# How many moles are present in a "351 kg" block of calcium?

Sep 21, 2016

The number of moles in $\text{351 kg Ca}$ is $8.76 \times {10}^{3}$.

#### Explanation:

First determine the mass of one mole (i.e. molar mass) of calcium. The molar mass of an element is its atomic weight on the periodic table in g/mol.

The molar mass of calcium is 40.078 g/mol .

Next, since molar mass is g/mol, we need to convert 351 kg to g. There are 1000 g in 1 kg.

$351 \cancel{\text{kg Ca"xx(1000 "g Ca")/(1cancel"kg Ca")="351 000 g}}$

$\text{351 kg Ca=351 000 g Ca}$

Next we'll convert the given mass to moles by dividing the given mass by the molar mass.
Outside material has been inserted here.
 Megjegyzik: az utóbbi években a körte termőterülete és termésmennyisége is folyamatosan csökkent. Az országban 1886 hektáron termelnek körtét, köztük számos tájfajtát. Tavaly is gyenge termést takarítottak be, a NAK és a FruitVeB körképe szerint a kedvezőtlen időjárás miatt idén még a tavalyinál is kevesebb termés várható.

$351 000 \cancel{\text{g Ca"xx(1"mol Ca")/(40.078cancel"g Ca")=8.76xx10^3 "mol Ca}}$ (rounded to three significant figures)

Sep 23, 2016

There are approx. $9000$ moles of calcium metal.

#### Explanation:

$\text{Calcium metal, } Z = 20 ,$ has a molar mass of $40.08 \cdot g \cdot m o {l}^{-} 1$. From where did I get this figure? From where will get it if you are asked this on an exam? You will not be expected to remember it.
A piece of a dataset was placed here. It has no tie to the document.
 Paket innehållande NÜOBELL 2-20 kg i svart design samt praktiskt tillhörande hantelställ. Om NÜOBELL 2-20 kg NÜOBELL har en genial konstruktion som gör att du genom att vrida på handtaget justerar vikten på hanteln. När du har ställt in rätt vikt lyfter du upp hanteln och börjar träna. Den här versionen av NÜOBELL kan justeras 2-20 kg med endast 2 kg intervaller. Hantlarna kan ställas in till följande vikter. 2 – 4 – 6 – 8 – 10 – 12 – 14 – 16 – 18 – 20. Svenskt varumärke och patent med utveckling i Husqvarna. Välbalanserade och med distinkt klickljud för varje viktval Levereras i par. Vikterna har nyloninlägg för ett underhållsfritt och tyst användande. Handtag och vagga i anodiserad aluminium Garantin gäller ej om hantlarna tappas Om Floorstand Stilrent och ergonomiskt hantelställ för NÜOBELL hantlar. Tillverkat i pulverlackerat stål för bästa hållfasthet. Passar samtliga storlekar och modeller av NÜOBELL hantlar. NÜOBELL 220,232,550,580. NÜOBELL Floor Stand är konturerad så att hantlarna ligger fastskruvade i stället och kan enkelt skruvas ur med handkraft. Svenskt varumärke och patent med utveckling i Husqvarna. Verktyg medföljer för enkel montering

And molar quantity is simply the quotient:

$=$ $\text{Mass"/"Molar mass}$ $=$ $\frac{351.0 \times {10}^{3} \cdot \cancel{g}}{40.08 \cdot \cancel{g} \cdot m o {l}^{-} 1}$ $=$ ??mol

Note that this calculation is dimensionally consistent. I wanted an answer in $\text{moles}$. The mass units cancelled out so I got an answer in $\frac{1}{m o {l}^{-} 1} = \text{moles}$. This persuades me that I set up the question right (for once!). Are you happy with this treatment?